Mystery Portal: The Seed
I am currently sitting on the floor of my studio, surrounded by painted scraps of paper, scissors, and glue. I am working toward my very first solo exhibit, which will be titled: Mystery Portal. The driving question guiding this body of work has been, how does it feel to be present in the Unknown?
This drawing was taken straight from the sketchbook I used when I was 8 month pregnant with my daughter, Isadora. I call it the “seed” to all of the work that I’m creating now. At the time of this drawing, I had been dreaming about what it would feel like to pass through the portal into motherhood.
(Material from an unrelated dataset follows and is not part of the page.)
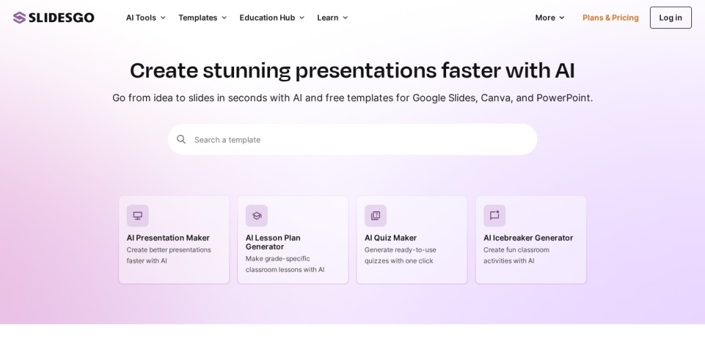 Slidesgo 是一个提供大量免费和付费模板的在线工具,专门用于创建演示文稿。它支持 Google Slides 和 Microsoft PowerPoint 格式,旨在帮助用户快速设计出既专业又有吸引力的演示文稿。Slidesgo 的模板涵盖了商业、教育、医疗、营销等多个领域,以及各种风格和主题,满足不同用户的需求。
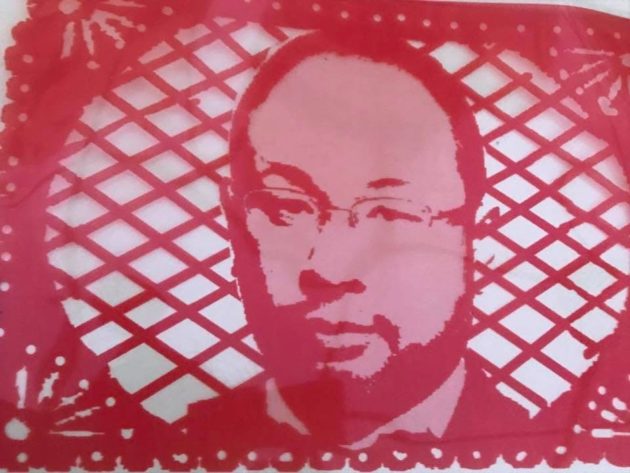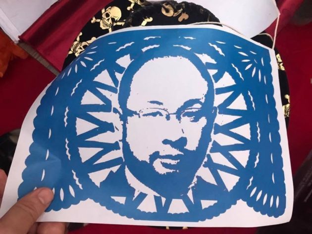 イベント中は気づきませんでしたが、上から吊るされたフラッグの数枚に講演者の顔がアートにプリントされていたことをスタッフの方に教えてもらいました。

Living abroad and physically far away from my own mother and community, I reassured myself through this quick sketch that I was surrounded by love and trust, even though I had never given birth before and was filled feelings of uncertainty. Spending time with this page soothed my worried mind and helped open my heart to more curiosity and openness.
Through color, texture, and shape, I’ve been exploring these feelings I had during this transitional space between gestation and parenthood.
But through creating each piece in this series, something surprising happened: I began to see the Mystery Portal in many other aspects of my life and in other stages of parenthood. How could I ever be so sure of what is coming next in life?
Aren’t we all moving through our own Mystery Portals into unknown territory, never completely knowing for sure what the next day or life chapter will bring?